The song was composed by lead vocalist Ture Rückwardt. In a 2024 interview, keyboardist Hädrich explained its emotional core: "It is the mixture of the 'no future' atmosphere at that time. Remember, it was the Cold War in the eighties, everyone thought eventually someone is going to hit the red button. So the song had this 'sun will never shine' parts in it, but also 'the young and restless dreamers.' I think this contrast, this mixture of positive and fear, makes the song so attractive".

Following the identification, FEX announced plans to reunite, re-record "Subways of Your Mind," and produce a music video. For Hädrich, the fame arrived without warning after four decades of total obscurity. "For us, it has just come suddenly," he told CBS News.

Fun Facts

The cassette that started everything also contained tracks by XTC and The Cure, placing the mystery track squarely in early-1980s new wave radio.

Shazam could not help for years because a teenager had uploaded the song to Spotify as his own, poisoning the software's identification database.

The original recorder Darius noted the title as "Blind the Wind" on the cassette, but the community agreed the lyric more likely said "Like the Wind" or something else entirely.

FEX had never registered "Subways of Your Mind" with GEMA, which is why the song never appeared in Germany's comprehensive music rights database.

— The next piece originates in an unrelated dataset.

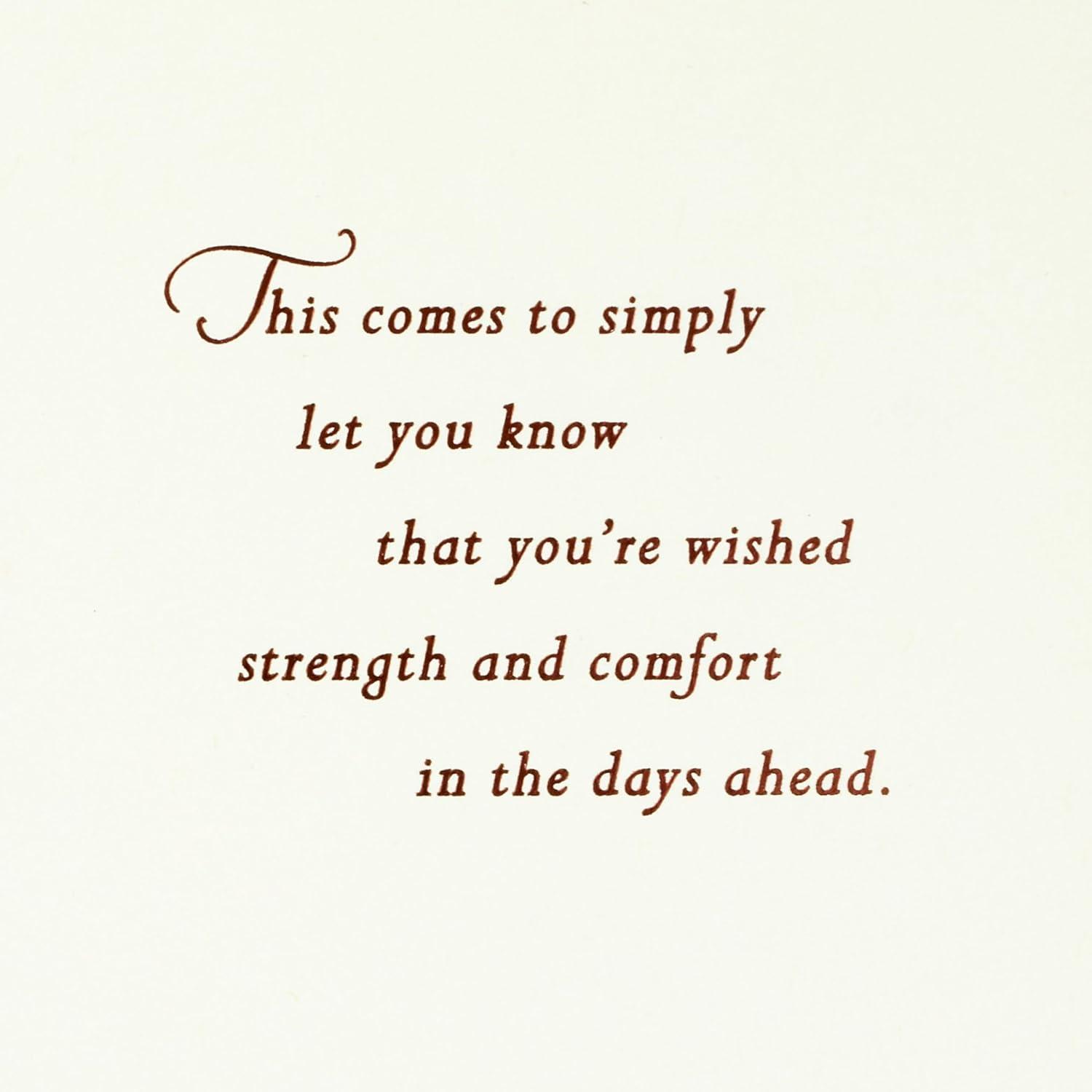 HALLMARK CARD: Cover features a painted white flower design, ribbon embellishment, and script lettering that reads: “There are no words to take away sadness when you lose someone you love.” Inside reads: “This comes to simply let you know that you're wished strength and comfort in the days ahead.” Sympathy card measures 5″ x 7.2″ and comes with a coordinating envelope.

Despite attracting a global investigation and enormous online attention, the band members had no idea about any of it until a Reddit user emailed them in 2024.

Derivatives & Variations

FEX reunion project:

The identification directly led to the band announcing plans to reunite, re-record "Subways of Your Mind," and produce a music video for the song[2].

Further "lost song" investigations:

The community behind the search, energized by their success, pivoted to hunting other unidentified tracks from the same era[2].

Media deep-dive coverage:

The story attracted multiple long-form articles and video essays from outlets including CBS News, *Der Spiegel*, and *Rolling Stone*, establishing a template for internet mystery journalism[1].